Work request: Could you reproduce the entries exactly, omitting every picture?

Records for the exercise:
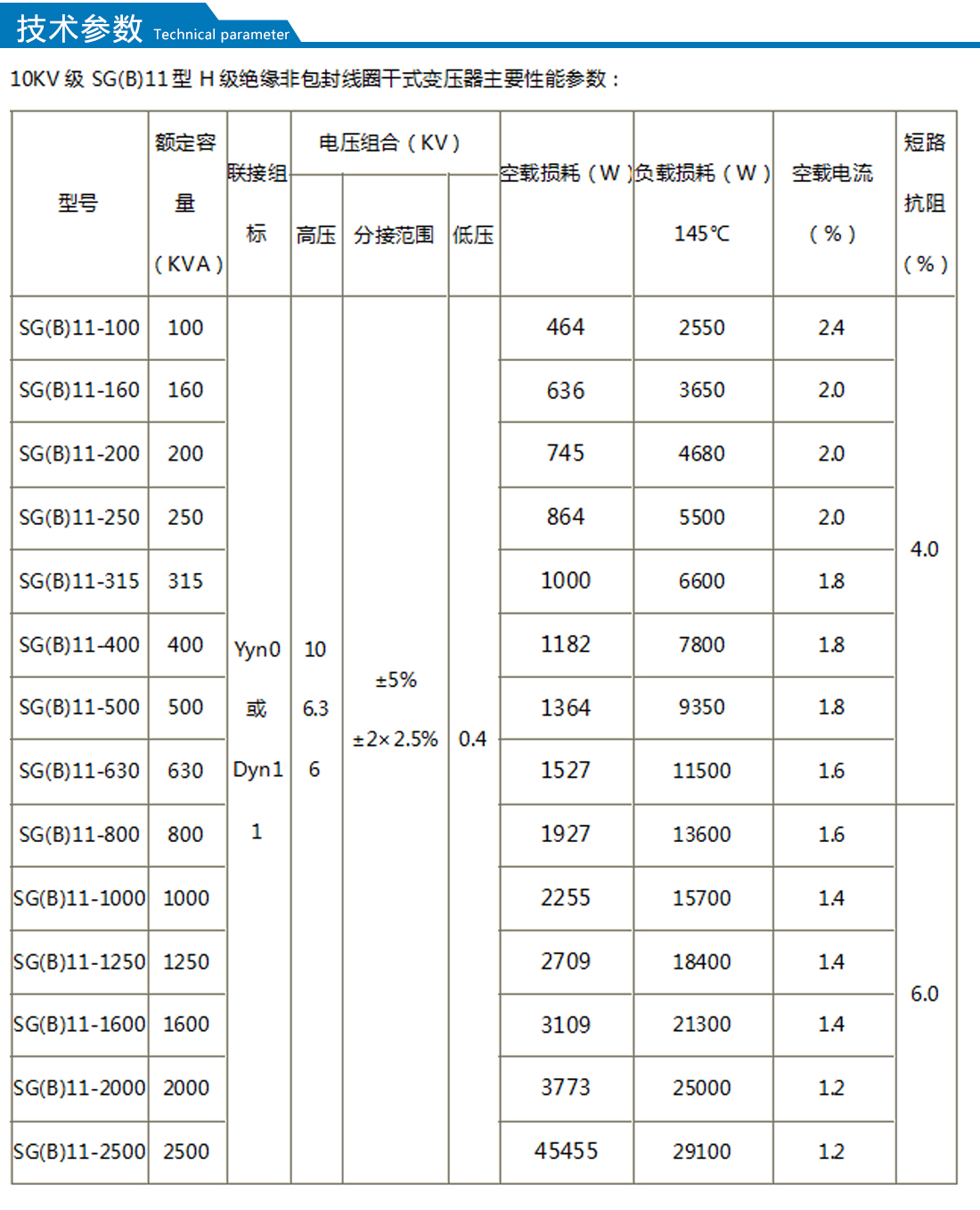SG(B)11系列H級(jí)絕緣干式變壓器采用優(yōu)質(zhì)環(huán)保材料,先進(jìn)的生產(chǎn)檢測(cè)設(shè)備按嚴(yán)格的工藝生產(chǎn)而成,具有高性能、高安全、承受熱沖擊能力強(qiáng)等特點(diǎn),它適用于防火要求高、負(fù)荷波動(dòng)大以及污穢潮濕的惡劣環(huán)境中。如:高層建筑、商業(yè)中心、住宅小區(qū)、醫(yī)院、化工廠、核電站、船舶及其它安全性要求防火、防爆、防潮的配電網(wǎng)絡(luò)與工礦企業(yè)供配電系統(tǒng)等重要或特殊環(huán)境場(chǎng)所。
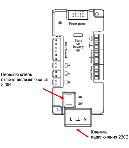 МИП обеспечивает режим «холодный старт» (включение и питание устройств от АКБ при отсутствии сетевого напряжения 220 В). Включение режима выполняется кнопкой «Start on battery».
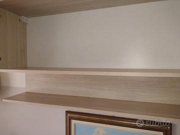 Armadio a muro in legno chiaro L 3,60m x P 54cm Come nuovo, svuotato e pronto! Vendo armadio a muro moderno in ottimo stato, colore legno chiaro (finitura noce/bianco caldo). Dimensioni totali: lunghezza 360 cm, profondità 54 cm Composto da moduli con ante battenti/scorrevoli, ripiani interni spaziosi e vani aperti. Perfetto per camera da letto o cabina armadio o salone anche, capiente e ben organizzato. Pulito e svuotato, ideale per trasloco immediato. Smontaggio e trasporto a carico dell'acquirente. PREZZO TRATTABILE
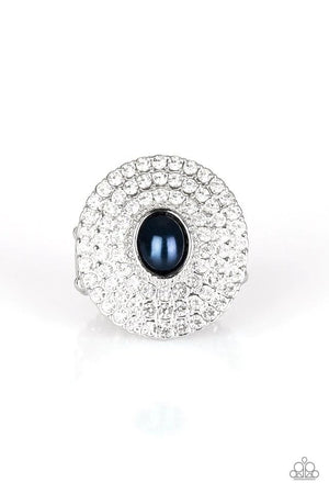 A pearly blue bead is pressed into the center of a round silver frame radiating with countless white rhinestones, creating a blinding statement piece. Features a stretchy band for a flexible fit.
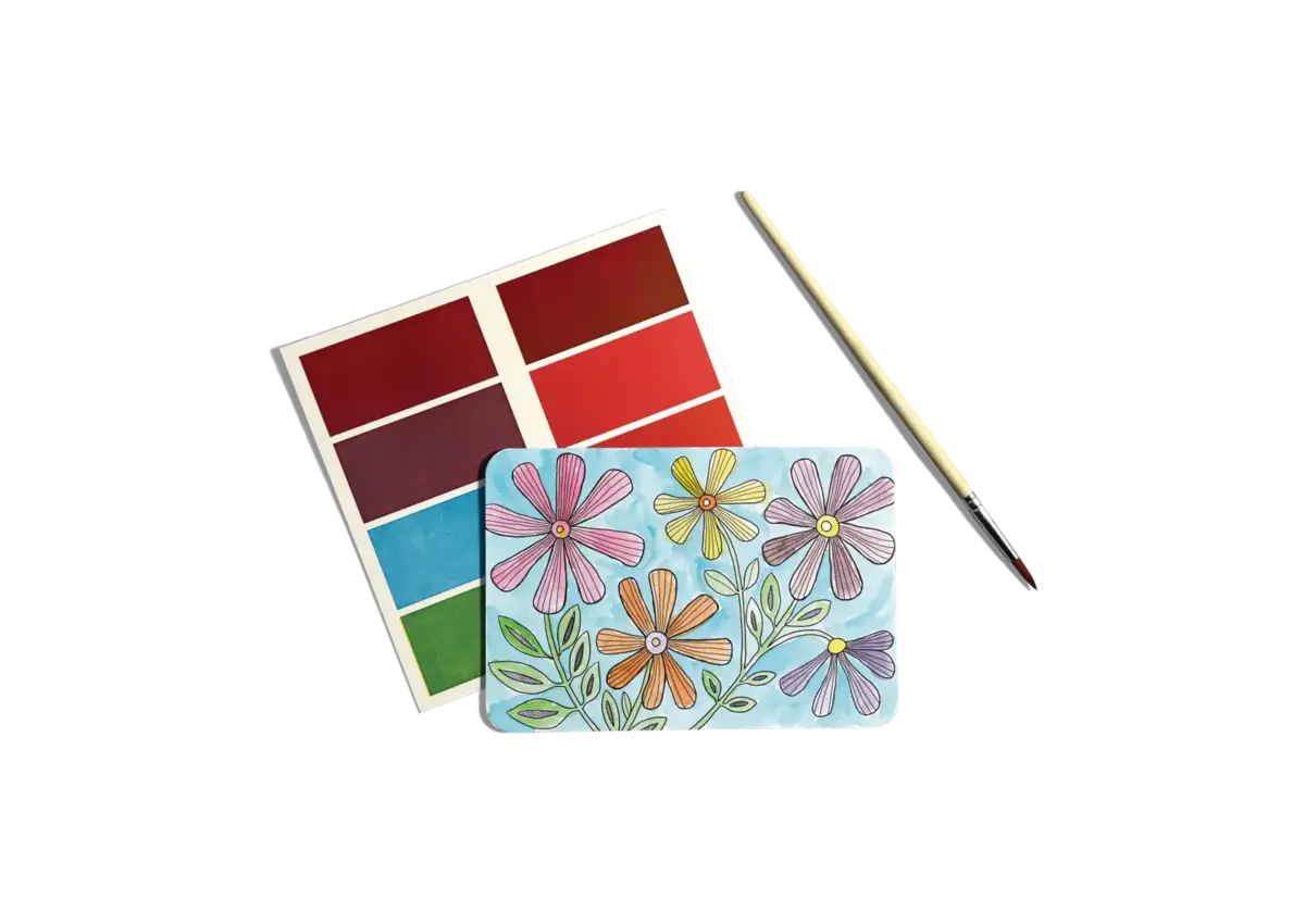 - Kit includes 8 different watercolor postcards, 8 paint palettes, 1 paint brush, and a color guide

Task result:
SG(B)11系列H級(jí)絕緣干式變壓器采用優(yōu)質(zhì)環(huán)保材料,先進(jìn)的生產(chǎn)檢測(cè)設(shè)備按嚴(yán)格的工藝生產(chǎn)而成,具有高性能、高安全、承受熱沖擊能力強(qiáng)等特點(diǎn),它適用于防火要求高、負(fù)荷波動(dòng)大以及污穢潮濕的惡劣環(huán)境中。如:高層建筑、商業(yè)中心、住宅小區(qū)、醫(yī)院、化工廠、核電站、船舶及其它安全性要求防火、防爆、防潮的配電網(wǎng)絡(luò)與工礦企業(yè)供配電系統(tǒng)等重要或特殊環(huán)境場(chǎng)所。
 МИП обеспечивает режим «холодный старт» (включение и питание устройств от АКБ при отсутствии сетевого напряжения 220 В). Включение режима выполняется кнопкой «Start on battery».
 Armadio a muro in legno chiaro L 3,60m x P 54cm Come nuovo, svuotato e pronto! Vendo armadio a muro moderno in ottimo stato, colore legno chiaro (finitura noce/bianco caldo). Dimensioni totali: lunghezza 360 cm, profondità 54 cm Composto da moduli con ante battenti/scorrevoli, ripiani interni spaziosi e vani aperti. Perfetto per camera da letto o cabina armadio o salone anche, capiente e ben organizzato. Pulito e svuotato, ideale per trasloco immediato. Smontaggio e trasporto a carico dell'acquirente. PREZZO TRATTABILE
 A pearly blue bead is pressed into the center of a round silver frame radiating with countless white rhinestones, creating a blinding statement piece. Features a stretchy band for a flexible fit.
 - Kit includes 8 different watercolor postcards, 8 paint palettes, 1 paint brush, and a color guide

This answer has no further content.